By now I think everybody, except people whose livelihood depends on the
tobacco industry, agrees that the damaging evidence against cigarette
smoking is overwhelming.
Even in America, where trade lobbies are so immensely powerful, the tobacco
industry failed a year ago to stop Congress passing a law which requires
the printing on every pack of cigarettes of a warning: "The Surgeon General
has determined that cigarette smoking is dangerous to your health".
What I don't think is likely to happen here or even in England, where it's
been proposed, is the banning not only of all cigarette advertising but the
public prohibition of smoking.
However noble the impulse may be to save people from themselves, the
Americans remember only too well the disasters that followed the noblest
experiment of them all - the national prohibition of all alcoholic liquors,
which within a year or two had every other 16 year old carrying a hip flask
of bootlegged liquor, even if he or she was travelling only two blocks.
Once you start stamping health warnings on things that have harmed a lot of
people I frankly don't know where you'd stop.

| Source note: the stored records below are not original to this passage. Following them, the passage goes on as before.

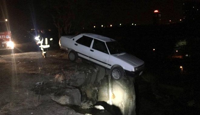 Edinilen bilgiye göre, Germir Mahallesi´nde sürücüsünün ismi ve plakası öğrenilemeyen otomobil, uçurumun kenarında asılı kaldı. Durumun bildirilmesi üzerine olay yerine gelen itfaiye ekipleri, otomobili kurtarmak için yoğun çaba sarf etti. Neredeyse yarısı boşlukta kalan otomobil, vatandaşların da yardımıyla uzun uğraşlar sonucu aşağı düşmekten kurtarılarak güvenli alana çekildi.
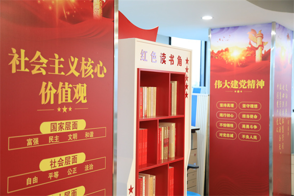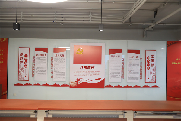 本着“统筹规划、综合利用、功能完善、节约成本、一室多用”的原则,在原27层培训室的基础上进行了改造提升,科学规划布置了党旗、入党誓词、党员义务、党员权利、“党组织架构图”等基础内容。还配备了党建书柜,设置了支部展示窗口,增设了精神文明创建展板,确保了党员学习教育有阵地、交流互动有平台、形象展示有载体,有力提升了集团总部党建工作标准化、规范化水平。
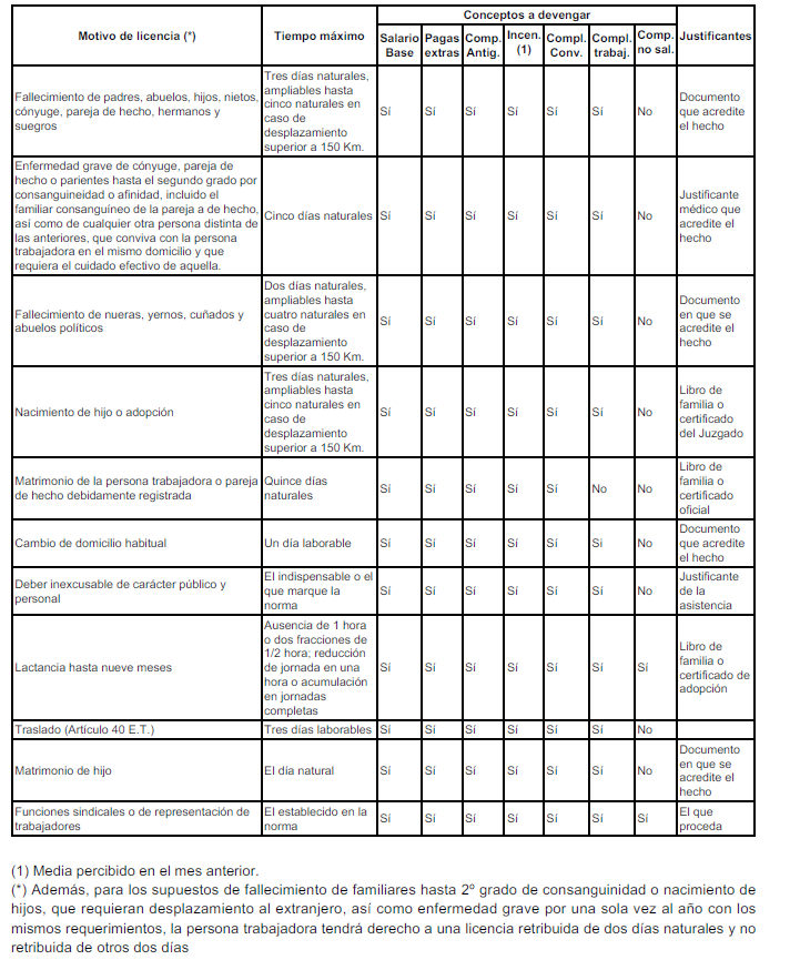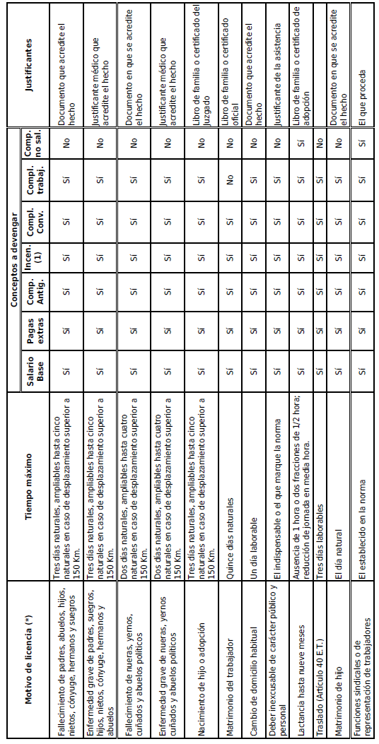 Reproducimos como Anexo III «Cuadro de permisos y licencias» en los que el trabajador, previo aviso y justificación, podrá ausentarse del trabajo, por el tiempo y en las condiciones establecidas en el mismo.
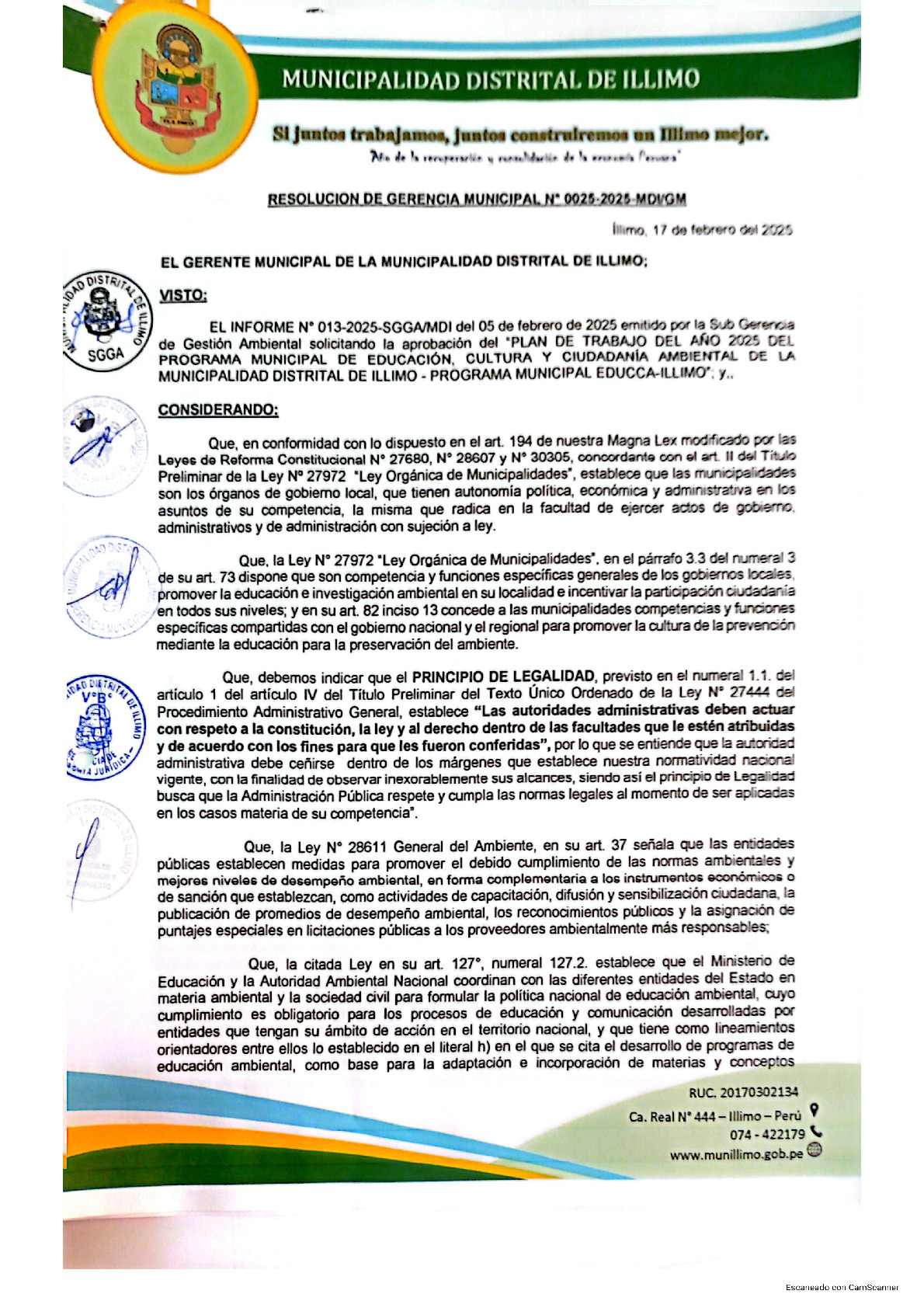 La presente Resolución de Gerencia Municipal aprueba el Plan de Trabajo 2025 del Programa Municipal de Educación, Cultura y Ciudadanía Ambiental de la Municipalidad Distrital de Illimo - Lambayeque (Lambayeque), con la finalidad de definir las actividades de educación, cultura y ciudadanía ambiental que se desarrollaran en la localidad durante el presente año.
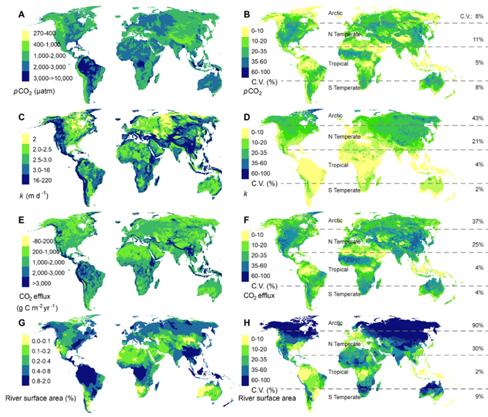 图2. 全球河网pCO2、气体传输速率( k )、水面逸散通量、河网流域面积分布及在不同气候带的变异系数
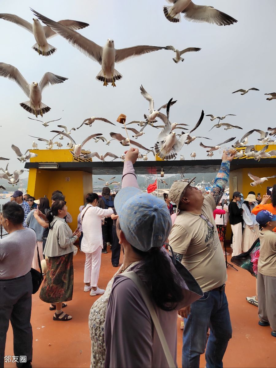 因为以前来威海时候,带着孩子,孩子比较小就没去荣城,这趟把遗憾弥补上,去了海驴岛坐船喂了海鸥,前一天吃自制时候先生说:吃烤串的钎子别扔,一会去买点面包串上,明天可以喂海鸥,海驴岛坐船喂了海鸥也就一个小时,剩下的时间看了下,就来野生动物园转了多半天。
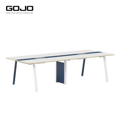 Gỗ trắng sang trọng văn phòng họp bàn đồ nội thất rắn tro gỗ bên bàn chân 2 màu Countertop văn phòng lớn Bàn hội nghị
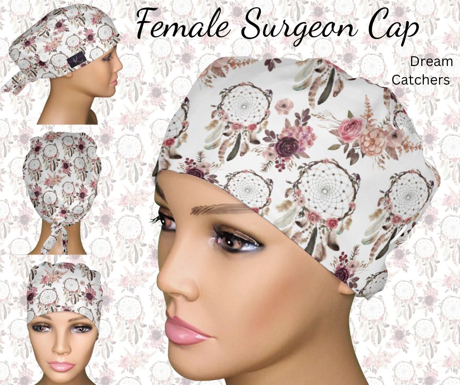 6. Female Surgeon Caps: Euro-Pixie Blend with Fabric Ties for Low Buns"
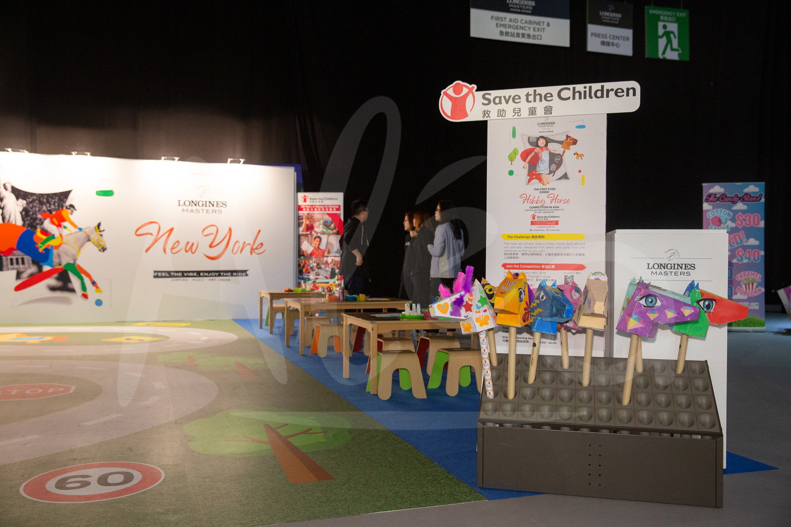 | Description | "Save the Children" operation box with Hobby horses at the Kid's club of the Longines Masters Hong Kong 2019, at Asia World Expo on February 16th, 2019 - Photo Isaac Lawrence / Mazarine / EEM |

A helping of Christmas pudding could mean sudden death to a man with a high
cholesterol count.
Should we have to trace in creamy white sauce on every plum pudding the
warning "This pudding may be dangerous to your health"?
I was brought up in a city where black smog, not yet called smog, reduced
visibility to about 75 yards on winter days. It was known as fresh air.
"Get out in the fresh air, lad. Don't sit there watching your father smoke!"
I've lately thought of suing the town council for poisoning my youth and
stunting my growth.
If we start a campaign of wholesale, wholesome health warnings I don't see
why every industrial town in the Western world shouldn't be compelled to
erect public signs which say "Warning! Breathing our air may be hazardous to
health".
Hazardous to health indeed!
As the man said, the mortality rate from breathing is 100%.